**Task details**
Leave out any picture and return the remaining listing below exactly as given.

**Data segment**

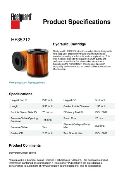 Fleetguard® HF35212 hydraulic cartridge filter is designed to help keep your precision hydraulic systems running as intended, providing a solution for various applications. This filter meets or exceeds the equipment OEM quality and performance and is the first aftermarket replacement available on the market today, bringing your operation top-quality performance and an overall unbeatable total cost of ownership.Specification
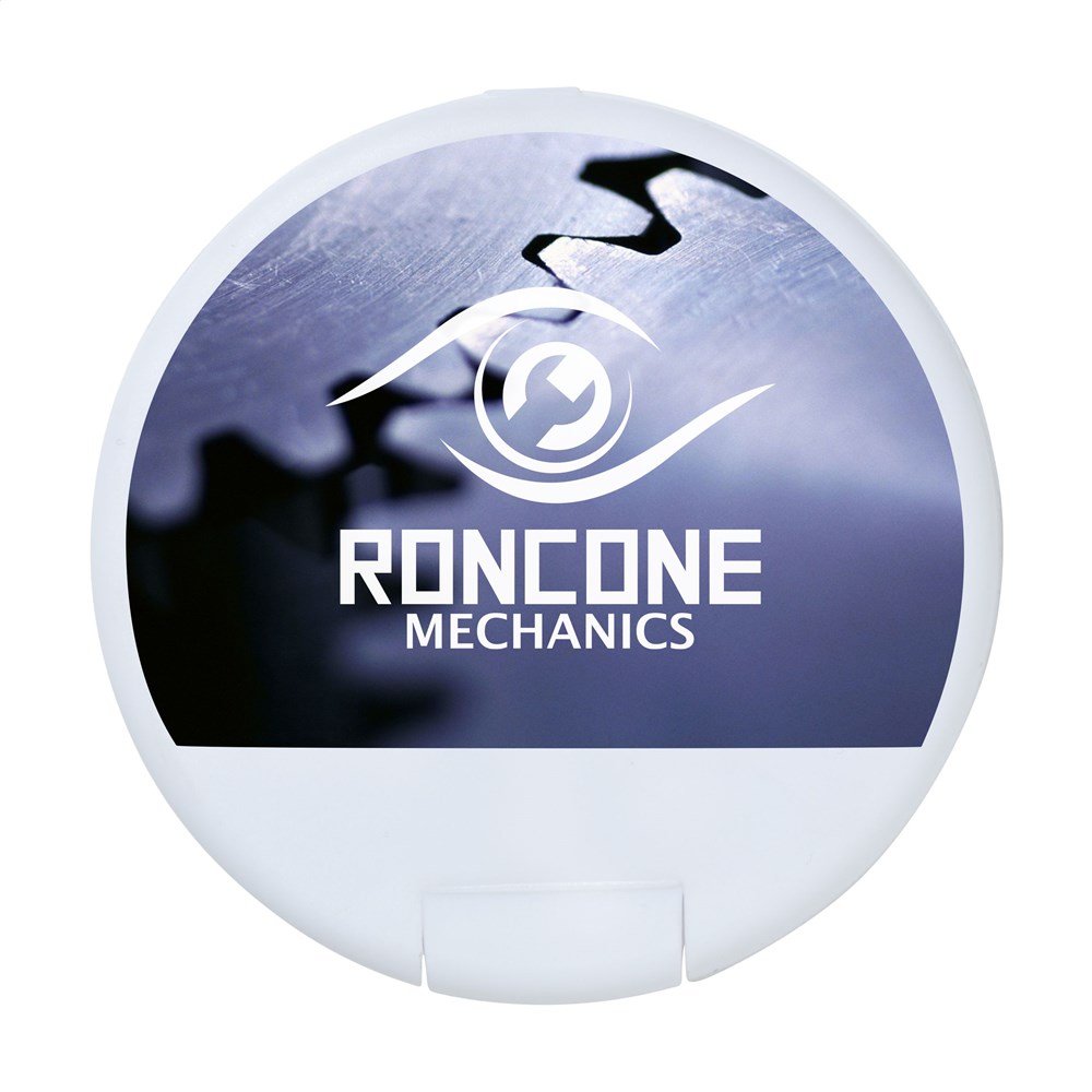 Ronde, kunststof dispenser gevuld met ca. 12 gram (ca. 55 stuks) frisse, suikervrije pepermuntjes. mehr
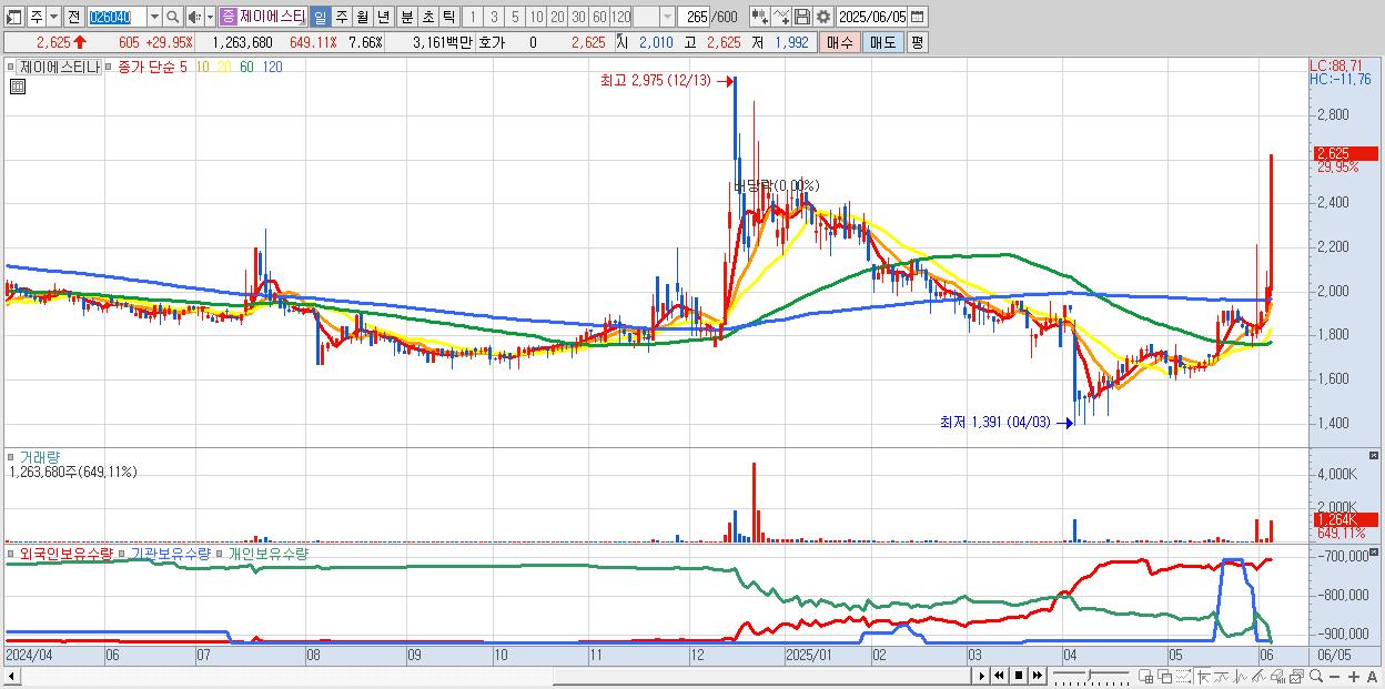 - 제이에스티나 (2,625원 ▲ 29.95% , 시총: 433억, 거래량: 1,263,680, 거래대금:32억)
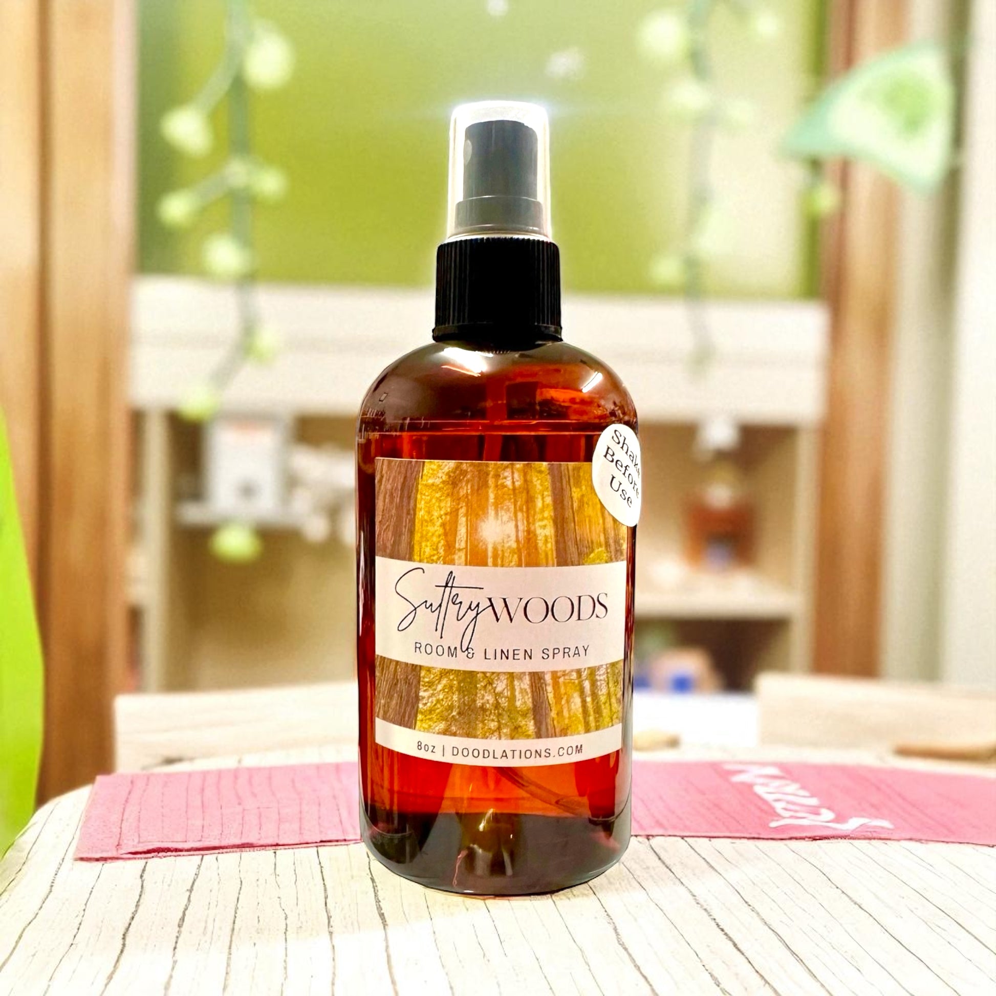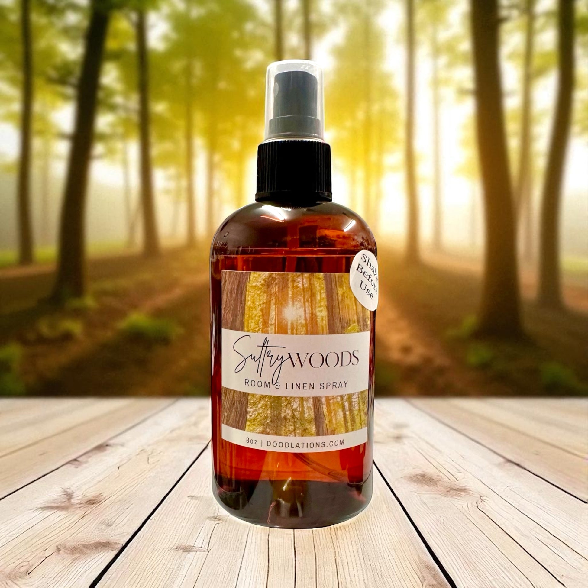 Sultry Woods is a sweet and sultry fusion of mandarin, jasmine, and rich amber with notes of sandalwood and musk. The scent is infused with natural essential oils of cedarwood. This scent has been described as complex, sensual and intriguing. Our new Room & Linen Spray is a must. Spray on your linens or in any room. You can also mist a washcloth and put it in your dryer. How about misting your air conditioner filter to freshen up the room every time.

**Result of the task**
 Fleetguard® HF35212 hydraulic cartridge filter is designed to help keep your precision hydraulic systems running as intended, providing a solution for various applications. This filter meets or exceeds the equipment OEM quality and performance and is the first aftermarket replacement available on the market today, bringing your operation top-quality performance and an overall unbeatable total cost of ownership.Specification
 Ronde, kunststof dispenser gevuld met ca. 12 gram (ca. 55 stuks) frisse, suikervrije pepermuntjes. mehr
 - 제이에스티나 (2,625원 ▲ 29.95% , 시총: 433억, 거래량: 1,263,680, 거래대금:32억)
 Sultry Woods is a sweet and sultry fusion of mandarin, jasmine, and rich amber with notes of sandalwood and musk. The scent is infused with natural essential oils of cedarwood. This scent has been described as complex, sensual and intriguing. Our new Room & Linen Spray is a must. Spray on your linens or in any room. You can also mist a washcloth and put it in your dryer. How about misting your air conditioner filter to freshen up the room every time.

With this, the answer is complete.